Download or read book The American House Poem 1945 2021 written by Walt Hunter and published by Oxford University Press. This book was released on 2024-01-11 with total page 187 pages. Available in PDF, EPUB and Kindle. Book excerpt: The house is perhaps the most recognizable emblem of the American ideals of self-making: prosperity, stability, domesticity, and upward mobility. Yet over the years from 1945-2021, the American house becomes more famous for the betrayal of those hopes than for their fulfilment: first, through the segregation of cities and public housing; then through the expansion of private credit that lays the ground for the subprime mortgage crisis of the early twenty-first century.

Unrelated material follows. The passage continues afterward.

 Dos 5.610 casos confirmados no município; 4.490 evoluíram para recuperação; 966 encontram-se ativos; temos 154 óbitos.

Walt Hunter argues that, as access to housing expands to include a greater share of the US population, the house emerges as a central metaphor for the poetic imagination. From the kitchenette of Gwendolyn Brooks to the duplex of Jericho Brown, and from the suburban imagination of Adrienne Rich to the epic constructions of James Merrill, the American house poem represents the changing abilities of US poets to imagine new forms of life while also building on the past. In The American House Poem, 1945-2021, Hunter focuses on poets who register the unevenly distributed pressures of successive housing crises by rewriting older poetic forms. Writing about the materials, tools, and plans for making a house, these poets express the tensions between making their lives into art and freeing their lives from inherited constraints and conditions.

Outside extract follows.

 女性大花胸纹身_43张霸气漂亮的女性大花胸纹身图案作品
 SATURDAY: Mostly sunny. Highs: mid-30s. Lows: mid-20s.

Download or read book Imagining Early Modern Histories written by Elizabeth Ketner and published by Routledge. This book was released on 2016-07-15 with total page 279 pages. Available in PDF, EPUB and Kindle. Book excerpt: Interpreting textual mediations of history in early modernity, this volume adds nuance to our understanding of the contributions fiction and fictionalizing make to the shape and texture of versions of and debates about history during that period. Geographically, the scope of the essays extends beyond Europe and England to include Asia and Africa. Contributors take a number of different approaches to understand the relationship between history, fiction, and broader themes in early modern culture. They analyze the ways fiction writers use historical sources, fictional texts translate ideas about the past into a vernacular accessible to broad audiences, fictional depictions and interpretations shape historical action, and the ways in which nonfictional texts and accounts were given fictional histories of their own, intentionally or not, through transmission and interpretation. By combining the already contested idea of fiction with performance, action, and ideas/ideology, this collection provides a more thorough consideration of fictional histories in the early modern period. It also covers more than two centuries of primary material, providing a longer perspective on the changing and complex role of history in forming early modern national, gendered, and cultural identities.